━━ Supplied records ━━
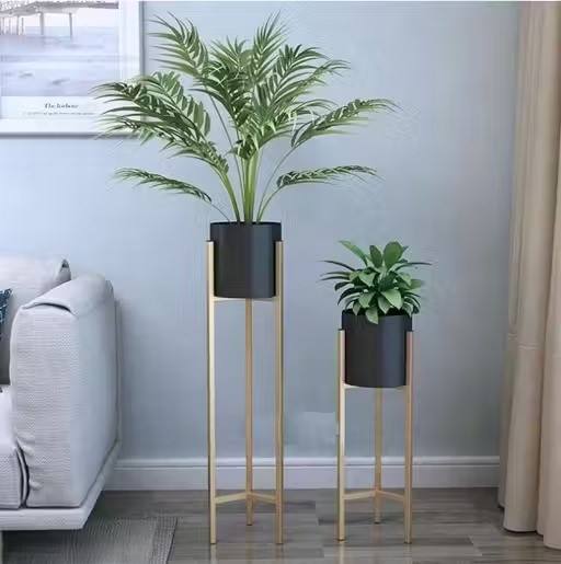 Support de pot en métal personnalisé avec pot noir, design artisanal durable pour pots lourds et décoration intérieure élégante
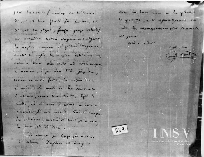 - Un bifolio (21,5×13,3 cm), due facciate e sei righe scritte. Sulla quarta facciata, in alto, di mano della ditta Ricordi: «3 Maggio 65 / Verdi / R 6/5». In basso, a matita, di mano recente: «Verdi II-242».
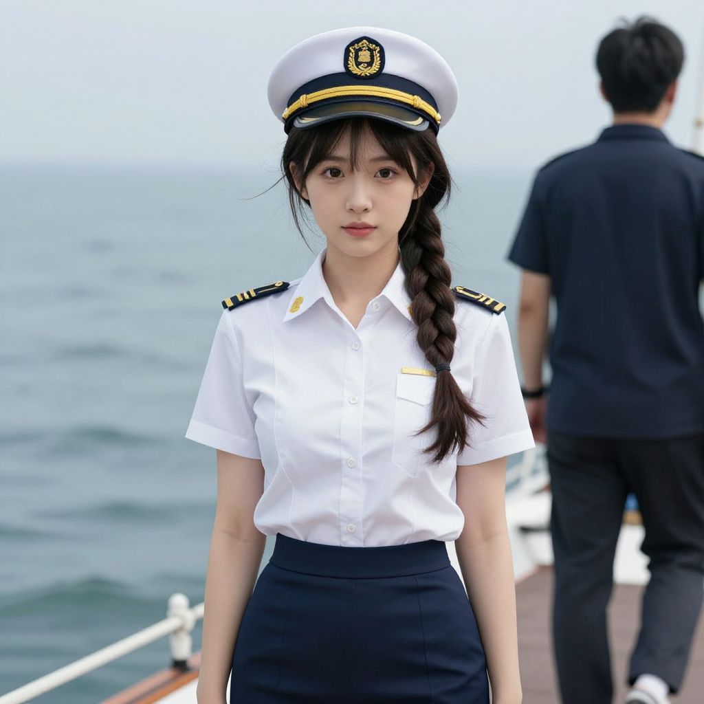 Photograph of an East Asian female naval officer with long braided black hair, white uniform, black skirt, and peaked cap, standing on a ship
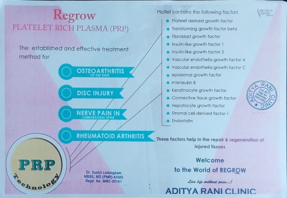 Platelet are certain particles found in human blood , which helps in repairing any injuries to body parts or cells or tissues. PRP involves separating these platelets from the blood, by an elaborate process. Then these particles are activated by an activator, and two medicines are added for special function. These are then given to the injured knee or spine, shoulder, hip, ankle or ligaments and tendons. The healing process starts, and will continue for months. The PRP process in our clinic is totally different from those injections given at other hospitals or clinics in Manipur or other north eastern states. This process was initially developed at AIIMS, new delhi and then perfected by Dr Sushil Loitongbam, during a long period of clinical study and improvements. PRP doesn't have the side effect of Steroid injections like diabetes worsening, gastric ulceration or bone thinning.
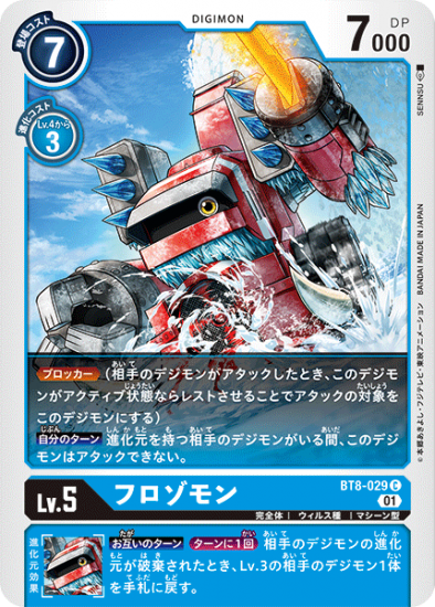 ≪ブロッカー≫(相手のデジモンがアタックしたとき、このデジモンがアクティブ状態ならレストさせることでアタックの対象をこのデジモンにする)【自分のターン】進化元を持つ相手のデジモンがいる間、このデジモンはアタックできない。
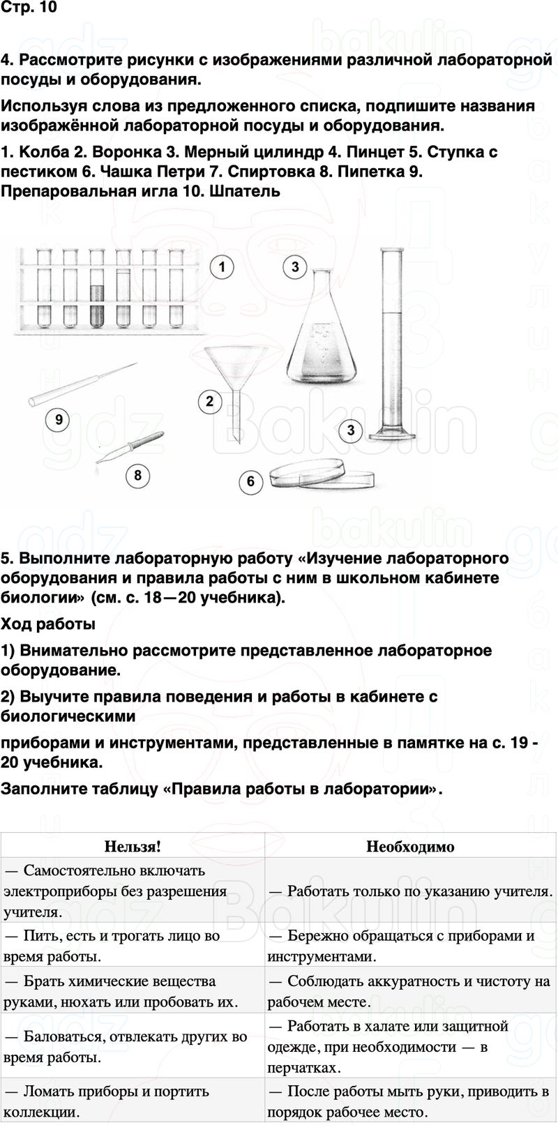 5. Выполните лабораторную работу «Изучение лабораторного оборудования и правила работы с ним в школьном кабинете биологии» (см. с. 18—20 учебника).
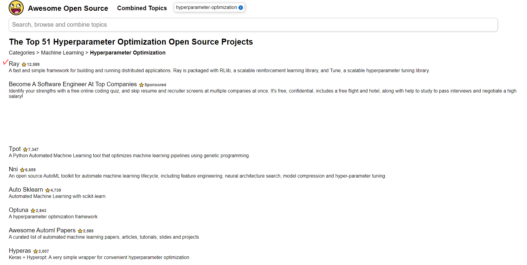 해당 사이트는 hyper parameter optimization 말고도 여러 개의 토픽에 따라 정리를 해놓은 것이 있다.
━━━
What to do: The answer consists solely of the lines from the one holding "5. Выполните лабораторную" through the final line of the records, both ends included, each duplicated exactly. Leave images out.

Your response:
 5. Выполните лабораторную работу «Изучение лабораторного оборудования и правила работы с ним в школьном кабинете биологии» (см. с. 18—20 учебника).
 해당 사이트는 hyper parameter optimization 말고도 여러 개의 토픽에 따라 정리를 해놓은 것이 있다.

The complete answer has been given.